EXERCISE AIM. Find the line with "From the anticipated" in the records below. Output exactly from there until after the line with "Dit werk toont", without pictures.

PROVIDED INFORMATION.
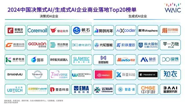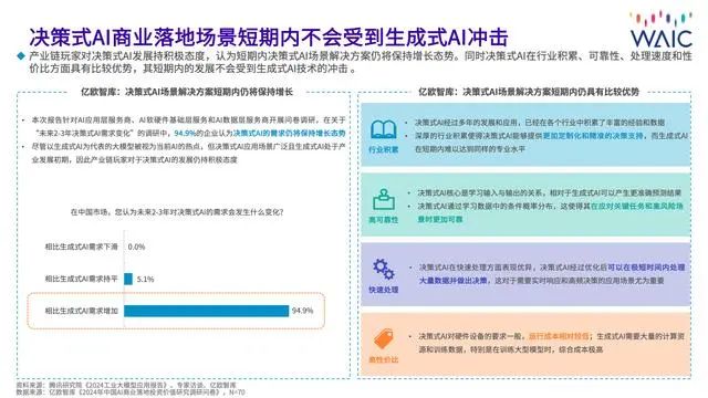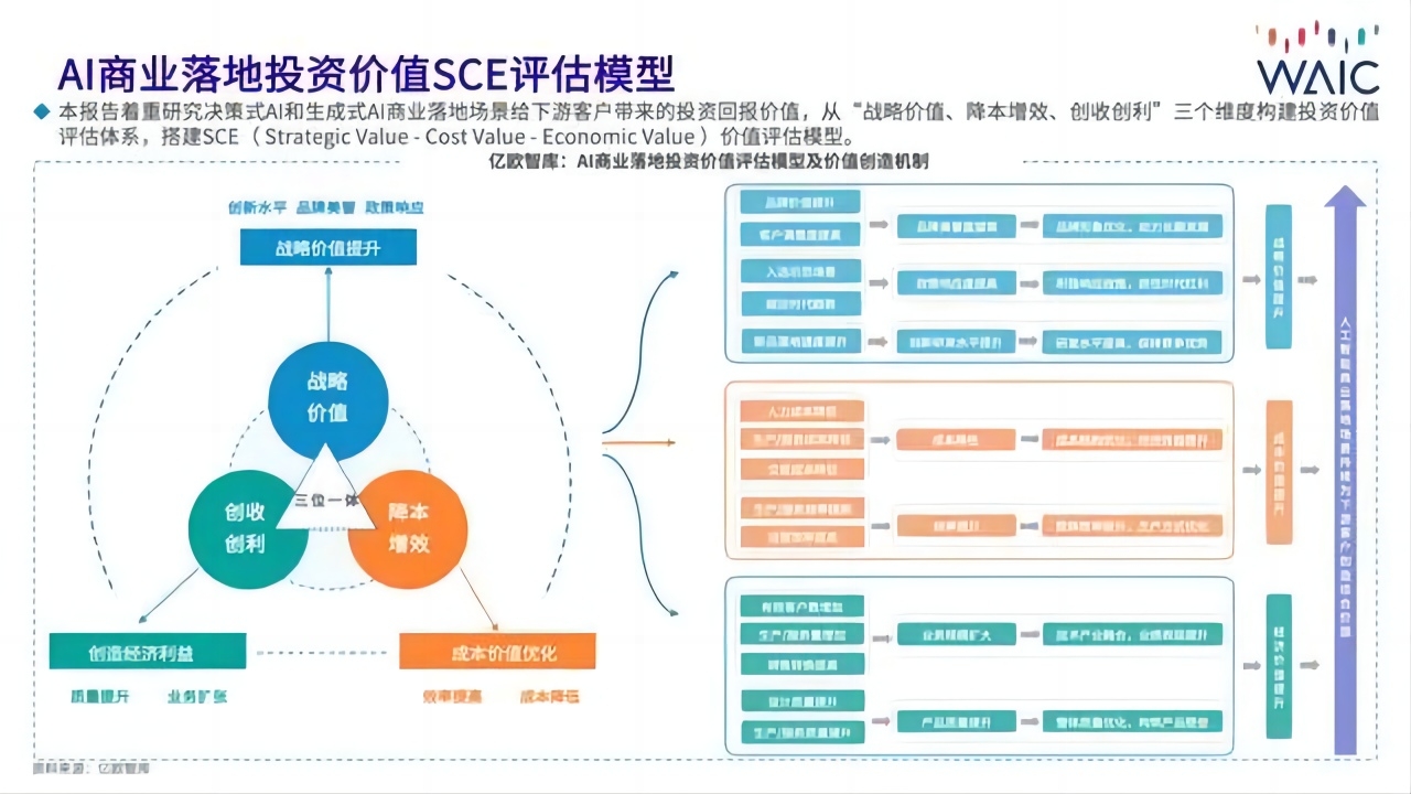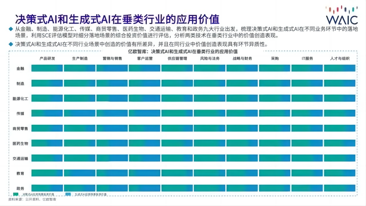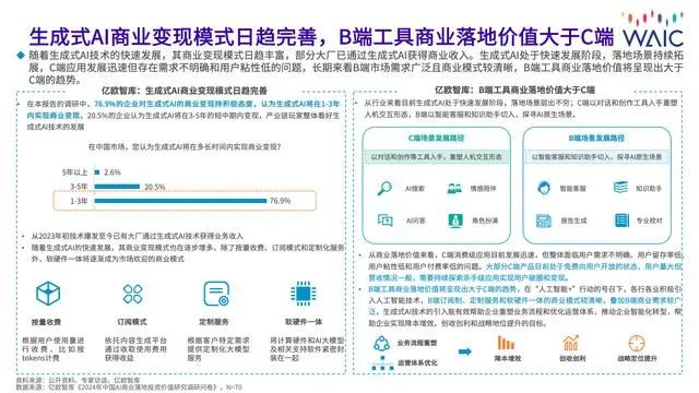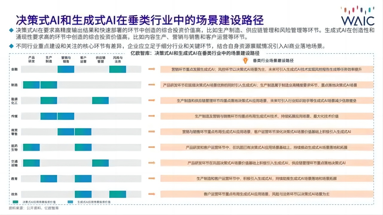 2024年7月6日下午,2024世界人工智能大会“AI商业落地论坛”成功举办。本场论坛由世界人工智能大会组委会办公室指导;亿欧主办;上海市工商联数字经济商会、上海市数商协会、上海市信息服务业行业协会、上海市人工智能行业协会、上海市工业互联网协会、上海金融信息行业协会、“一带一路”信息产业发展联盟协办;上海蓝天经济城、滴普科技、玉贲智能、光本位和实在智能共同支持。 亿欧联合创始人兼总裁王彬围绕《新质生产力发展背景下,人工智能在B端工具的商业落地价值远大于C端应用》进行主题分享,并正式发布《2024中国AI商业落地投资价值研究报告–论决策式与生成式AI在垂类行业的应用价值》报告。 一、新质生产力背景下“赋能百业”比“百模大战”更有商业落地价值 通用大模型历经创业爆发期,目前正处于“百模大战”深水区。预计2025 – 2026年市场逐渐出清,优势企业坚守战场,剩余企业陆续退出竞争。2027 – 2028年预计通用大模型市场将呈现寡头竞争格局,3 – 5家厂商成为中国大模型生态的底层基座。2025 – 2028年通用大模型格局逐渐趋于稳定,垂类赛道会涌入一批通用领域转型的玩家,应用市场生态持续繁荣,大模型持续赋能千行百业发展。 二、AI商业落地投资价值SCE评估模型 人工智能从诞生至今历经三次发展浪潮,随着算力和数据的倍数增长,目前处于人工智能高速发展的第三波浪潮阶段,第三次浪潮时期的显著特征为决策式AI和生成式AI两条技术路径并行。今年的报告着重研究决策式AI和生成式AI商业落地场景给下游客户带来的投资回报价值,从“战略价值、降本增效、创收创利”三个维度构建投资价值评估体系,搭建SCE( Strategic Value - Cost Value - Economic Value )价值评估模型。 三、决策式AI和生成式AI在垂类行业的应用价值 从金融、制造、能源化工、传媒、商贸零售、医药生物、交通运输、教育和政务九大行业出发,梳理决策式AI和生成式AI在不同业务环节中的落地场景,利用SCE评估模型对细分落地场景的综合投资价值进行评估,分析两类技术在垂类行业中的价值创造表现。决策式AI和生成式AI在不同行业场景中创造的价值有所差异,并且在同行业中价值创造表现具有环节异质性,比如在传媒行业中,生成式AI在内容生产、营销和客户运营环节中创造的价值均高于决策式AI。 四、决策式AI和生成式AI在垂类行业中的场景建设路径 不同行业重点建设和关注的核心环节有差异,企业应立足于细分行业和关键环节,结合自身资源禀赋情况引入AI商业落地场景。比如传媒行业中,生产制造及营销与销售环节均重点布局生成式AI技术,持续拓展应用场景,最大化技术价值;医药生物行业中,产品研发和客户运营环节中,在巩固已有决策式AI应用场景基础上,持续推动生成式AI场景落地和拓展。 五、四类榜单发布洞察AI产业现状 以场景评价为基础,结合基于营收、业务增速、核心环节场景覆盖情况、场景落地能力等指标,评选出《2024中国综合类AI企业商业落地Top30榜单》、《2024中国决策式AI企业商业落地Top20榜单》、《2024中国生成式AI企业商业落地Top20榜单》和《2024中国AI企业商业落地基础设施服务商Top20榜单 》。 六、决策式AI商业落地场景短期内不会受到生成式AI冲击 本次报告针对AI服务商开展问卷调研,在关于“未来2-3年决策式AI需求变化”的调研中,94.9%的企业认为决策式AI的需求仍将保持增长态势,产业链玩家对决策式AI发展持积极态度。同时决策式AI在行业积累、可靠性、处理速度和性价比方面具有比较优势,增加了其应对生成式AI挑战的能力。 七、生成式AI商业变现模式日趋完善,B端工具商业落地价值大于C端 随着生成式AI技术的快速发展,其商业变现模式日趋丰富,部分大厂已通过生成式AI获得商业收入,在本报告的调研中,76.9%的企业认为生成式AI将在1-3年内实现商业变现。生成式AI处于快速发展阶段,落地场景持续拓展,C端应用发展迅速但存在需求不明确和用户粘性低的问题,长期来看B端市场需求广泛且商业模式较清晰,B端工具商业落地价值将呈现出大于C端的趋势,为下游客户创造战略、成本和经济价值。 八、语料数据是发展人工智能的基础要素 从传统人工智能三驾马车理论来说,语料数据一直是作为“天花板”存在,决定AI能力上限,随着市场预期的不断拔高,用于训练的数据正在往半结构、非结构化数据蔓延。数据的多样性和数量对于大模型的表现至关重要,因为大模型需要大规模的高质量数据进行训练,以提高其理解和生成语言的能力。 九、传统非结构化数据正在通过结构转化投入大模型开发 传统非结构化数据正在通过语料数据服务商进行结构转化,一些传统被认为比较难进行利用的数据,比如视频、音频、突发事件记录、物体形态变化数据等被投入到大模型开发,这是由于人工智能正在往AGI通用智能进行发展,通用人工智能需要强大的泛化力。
==
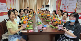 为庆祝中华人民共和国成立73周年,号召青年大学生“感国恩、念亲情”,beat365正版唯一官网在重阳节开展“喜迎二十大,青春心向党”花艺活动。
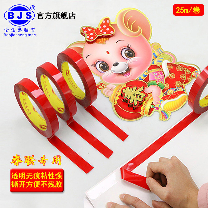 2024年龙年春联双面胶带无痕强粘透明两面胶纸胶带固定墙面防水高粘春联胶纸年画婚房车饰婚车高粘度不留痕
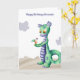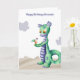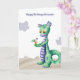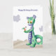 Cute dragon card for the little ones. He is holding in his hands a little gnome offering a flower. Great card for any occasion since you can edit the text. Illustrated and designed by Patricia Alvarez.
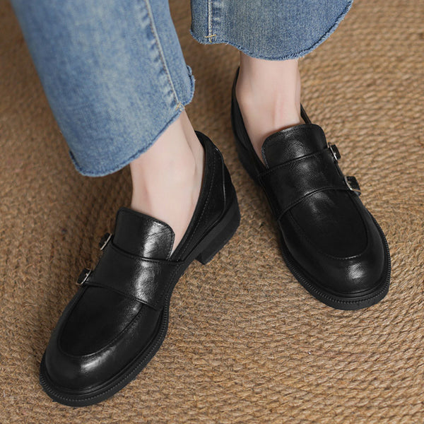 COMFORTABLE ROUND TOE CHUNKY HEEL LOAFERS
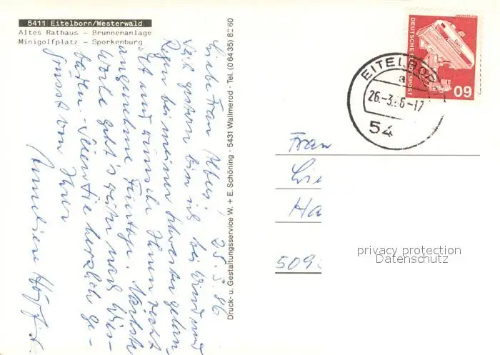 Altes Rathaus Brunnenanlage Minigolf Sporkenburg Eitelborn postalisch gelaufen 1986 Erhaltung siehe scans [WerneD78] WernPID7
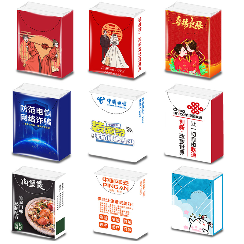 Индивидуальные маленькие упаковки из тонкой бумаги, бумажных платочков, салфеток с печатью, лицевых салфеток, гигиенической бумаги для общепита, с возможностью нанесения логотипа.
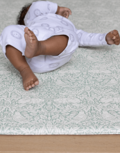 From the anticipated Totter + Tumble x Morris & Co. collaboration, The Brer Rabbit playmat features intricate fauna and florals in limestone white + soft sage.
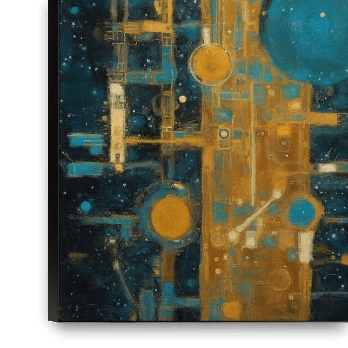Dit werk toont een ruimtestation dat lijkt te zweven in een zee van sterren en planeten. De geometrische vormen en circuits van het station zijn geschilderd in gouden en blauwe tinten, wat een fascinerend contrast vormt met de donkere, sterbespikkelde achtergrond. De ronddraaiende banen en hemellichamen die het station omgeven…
==
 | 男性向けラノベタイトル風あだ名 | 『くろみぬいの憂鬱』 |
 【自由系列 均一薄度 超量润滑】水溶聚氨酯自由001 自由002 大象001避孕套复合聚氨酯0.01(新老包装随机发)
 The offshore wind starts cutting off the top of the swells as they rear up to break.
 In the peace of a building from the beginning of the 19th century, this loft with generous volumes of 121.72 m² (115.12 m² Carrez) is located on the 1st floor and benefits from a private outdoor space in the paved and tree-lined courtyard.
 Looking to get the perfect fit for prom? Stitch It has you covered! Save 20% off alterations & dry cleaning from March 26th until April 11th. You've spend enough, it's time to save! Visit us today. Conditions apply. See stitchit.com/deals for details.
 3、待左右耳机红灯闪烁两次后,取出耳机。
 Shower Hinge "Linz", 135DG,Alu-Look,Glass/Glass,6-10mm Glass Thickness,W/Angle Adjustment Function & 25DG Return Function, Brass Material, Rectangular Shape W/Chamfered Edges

TASK SOLUTION.
 From the anticipated Totter + Tumble x Morris & Co. collaboration, The Brer Rabbit playmat features intricate fauna and florals in limestone white + soft sage.
Dit werk toont een ruimtestation dat lijkt te zweven in een zee van sterren en planeten. De geometrische vormen en circuits van het station zijn geschilderd in gouden en blauwe tinten, wat een fascinerend contrast vormt met de donkere, sterbespikkelde achtergrond. De ronddraaiende banen en hemellichamen die het station omgeven…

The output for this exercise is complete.